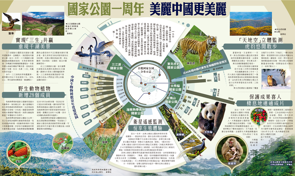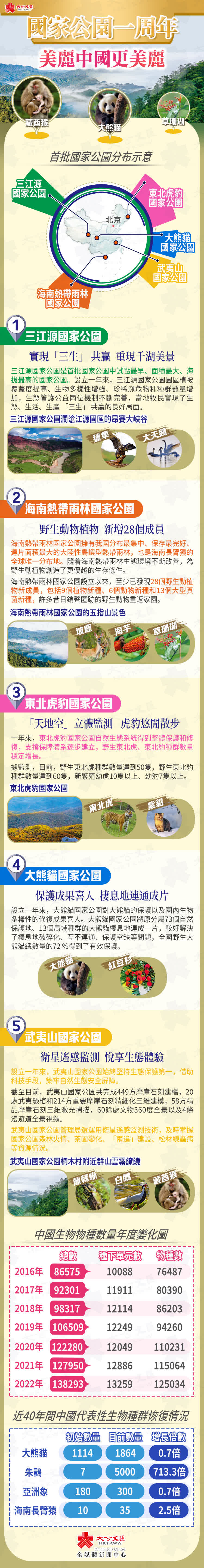 大公報訊:綠水青山間,萬物皆自然。生態文明的美麗中國,不僅要有山清水秀的環境,還要有鳥獸靈動的生態。一年來,中國首批國家公園生態保護取得明顯成效,庇護着近30%的陸域國家重點保護野生動植物,已成為中國生態文明建設的亮麗名片。國家林草局表示,根據規劃,未來中國將建立世界上最大的國家公園體系。從雪域高原的大江之源,到祖國南端的熱帶雨林;從橫跨三省的熊貓棲息地,到林海雪原的東北虎豹,再到世界自然與文化雙遺產的武夷山,人與自然和諧共生的美麗中國畫卷徐徐鋪展……
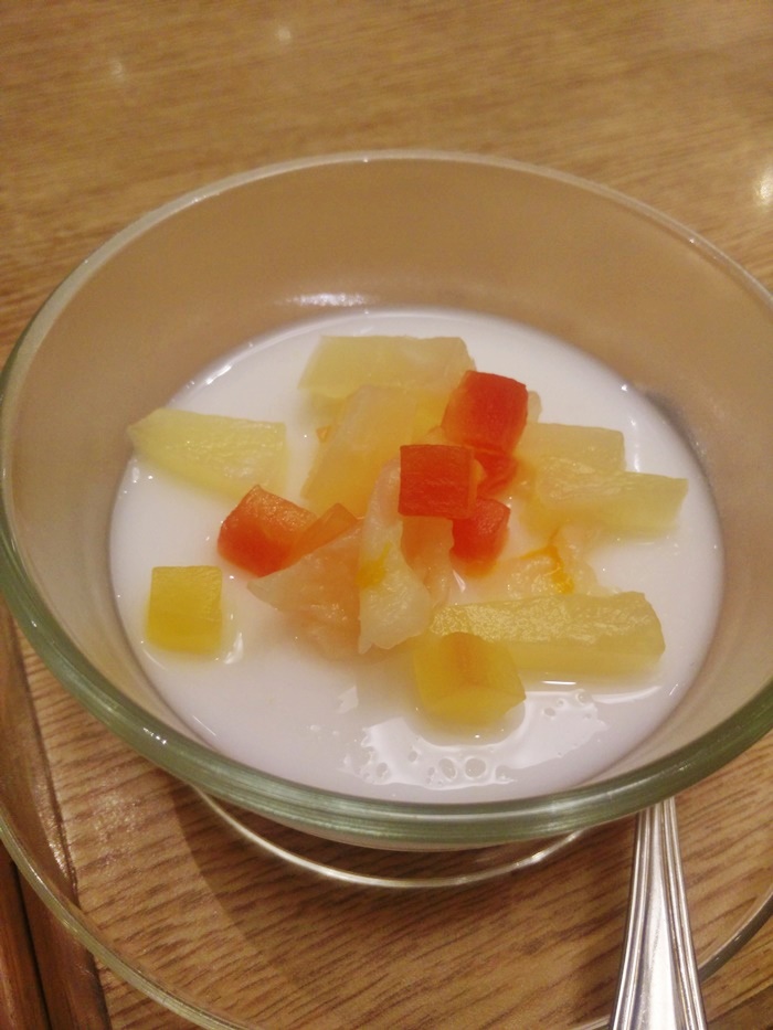 เมื่อของคาวบนโต๊ะทยอยหมดไป พนักงานเดินมาสอบถาม รับของหวานเลยไหมคะ มีให้เลือก 3 อย่าง เต้าฮวยฟรุตสลัด ไอศครีมชาเขียว และ อัลมอนด์คัสตาร์ด เป็นอันครบถ้วนทั้งคาวหวาน ปิดท้ายกันแบบฟิน ฟินเลยทีเดียว
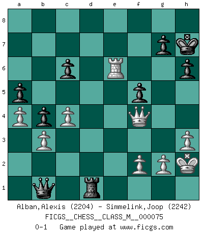 Last move : 0-1 2016 November 21 5:39:13 [Event "FICGS__CHESS__CLASS_M__000075"] [Site "FICGS"] [Date "2016.02.03"] [Round "1"] [White "Alban,Alexis"] [Black "Simmelink,Joop"] [Result "0-1"] [WhiteElo "2204"] [BlackElo "2242"] 1.e4 c6 2.d4 d5 3.Nd2 dxe4 4.Nxe4 Nd7 5.Nf3 Ngf6 6.Nc3 Nb6 7.h3 Bf5 8.Bd3 Bxd3 9.Qxd3 e6 10.O-O Bd6 11.Bg5 Qc7 12.Ne4 Nxe4 13.Qxe4 h6 14.Bd2 Nc4 15.Bc1 b5 16.Re1 O-O 17.Qg4 f5 18.Qh4 e5 19.dxe5 Nxe5 20.Qh5 Nxf3+ 21.Qxf3 Rad8 22.a4 Rf7 23.Be3 a5 24.b3 Kh7 25.Re2 R8d7 26.Bd2 b4 27.c4 Qd8 28.Rae1 Qf6 29.Re6 Qb2 30.Rd1 Qc2 31.Bf4 Bxf4 32.Rxd7 Rxd7 33.Qxf4 Qb1+ 34.Kh2 Rd1 0-1 Caro-Kann : 3.Nd2 Kingside Castling by player White (move 10) Kingside Castling by player Black (move 16) Player Black won this chess game. Follow this game move after move (download)Chess is thirty to forty percent psychology. You don't have this when you play a computer. I can't confuse it. (Judith Polgar) Ich verstehe Aljechins Kombinationen ganz gut; aber woher er diese Angriffschancen bekommt und wie er die Eröffnung behandelt das ist für mich ein Buch mit sieben Siegeln. (Rudolf Spielmann) El jugador blanco perdió porque fallo en recordar la coreccta continuación y tuvo que pensar por sí mismo las movidas. (Siegbert Tarrasch) Toute estimation doit être constamment réévaluée. (Jacob Estrin) If we don't succeed, we run the risk of failure. (George W. Bush)
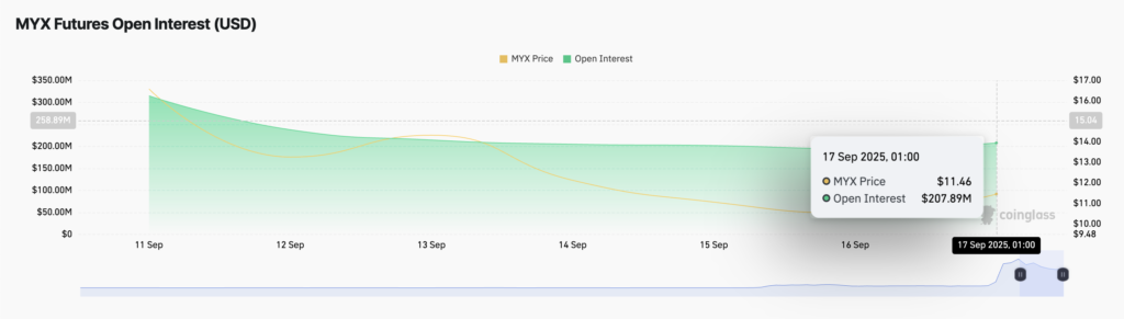 همزمان با رشد قیمت، علاقه معاملهگران به بازار مشتقات MYX نیز افزایش یافته است. طبق دادههای کوینگلس (Coinglass)، سود باز این توکن در بازار آتی به ۲۰۸ میلیون دلار رسیده که نسبت به روز گذشته ۶٪ رشد داشته است.
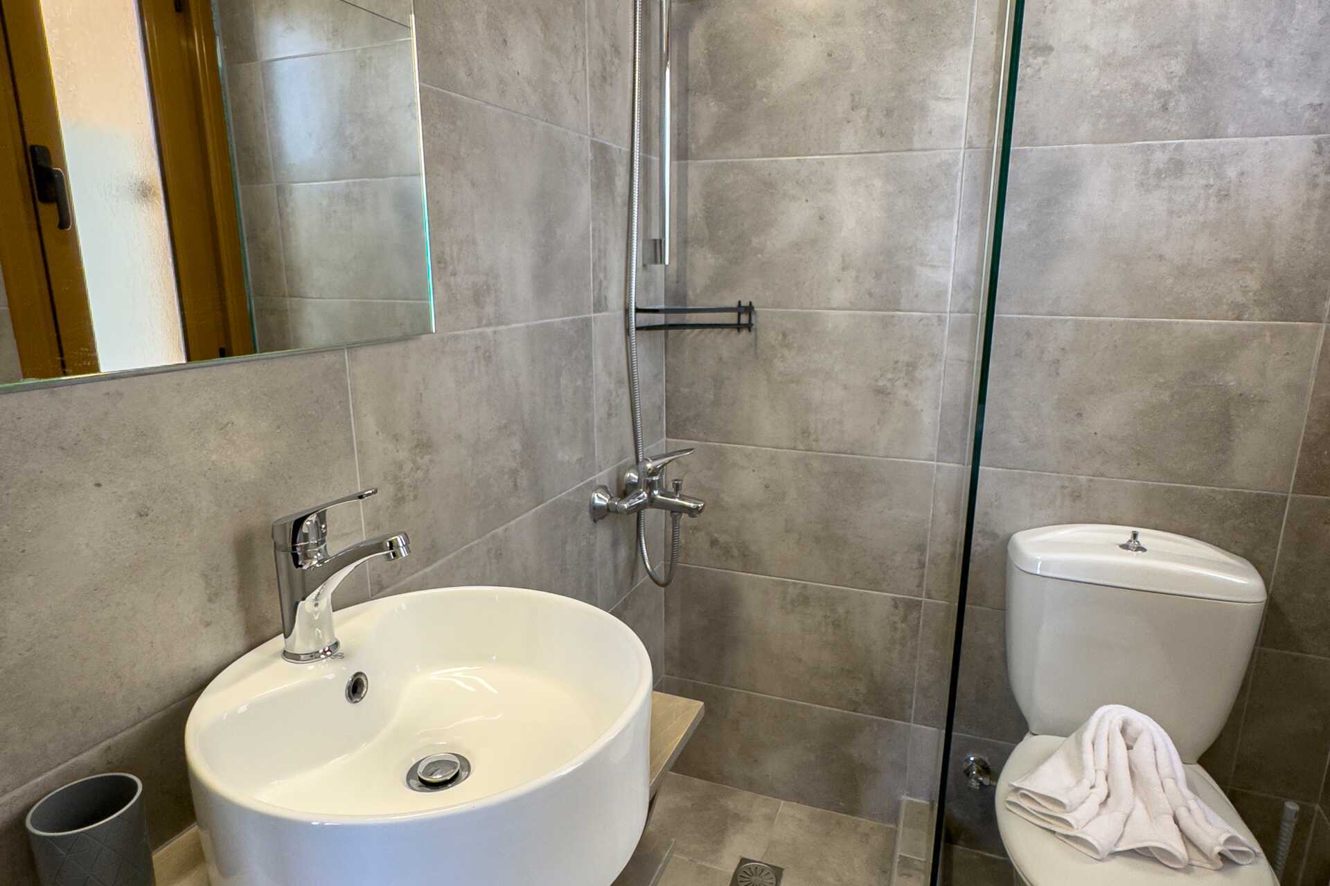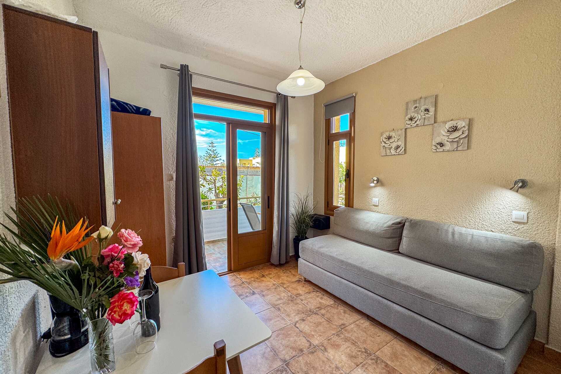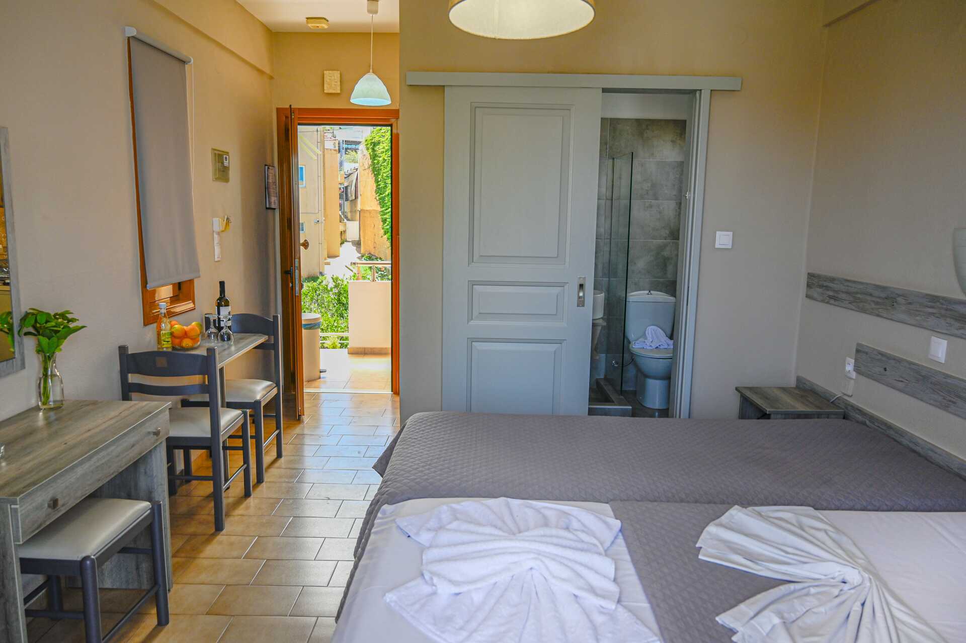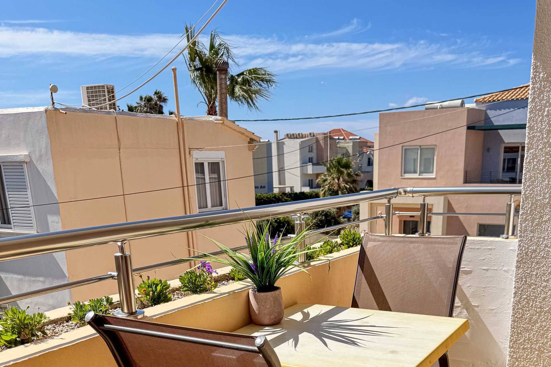 Pienehkö kaksio parvekkeella. Makuuhuone ja yhdistetty olohuone/minikeittiö. Minikeittiössä jääkaappi, kahvinkeitin, voileipägrilli, keittolevyt ja yksinkertainen keittiövarustus. Maksuton wifi, ilmastointi ja tallelokero. Tv paikallisilla kanavilla. Hiustenkuivain. Pieni kylpyhuone jossa suihku ja wc. Siivous 6 krt/viikko.

┄┄┄┄┄┄

**TASK INSTRUCTIONS:** Would you write out exactly the lines of the data from the one holding "همزمان با رشد" to the final line, both included, with pictures left out?

**TASK RESPONSE:**
 همزمان با رشد قیمت، علاقه معاملهگران به بازار مشتقات MYX نیز افزایش یافته است. طبق دادههای کوینگلس (Coinglass)، سود باز این توکن در بازار آتی به ۲۰۸ میلیون دلار رسیده که نسبت به روز گذشته ۶٪ رشد داشته است.
 Pienehkö kaksio parvekkeella. Makuuhuone ja yhdistetty olohuone/minikeittiö. Minikeittiössä jääkaappi, kahvinkeitin, voileipägrilli, keittolevyt ja yksinkertainen keittiövarustus. Maksuton wifi, ilmastointi ja tallelokero. Tv paikallisilla kanavilla. Hiustenkuivain. Pieni kylpyhuone jossa suihku ja wc. Siivous 6 krt/viikko.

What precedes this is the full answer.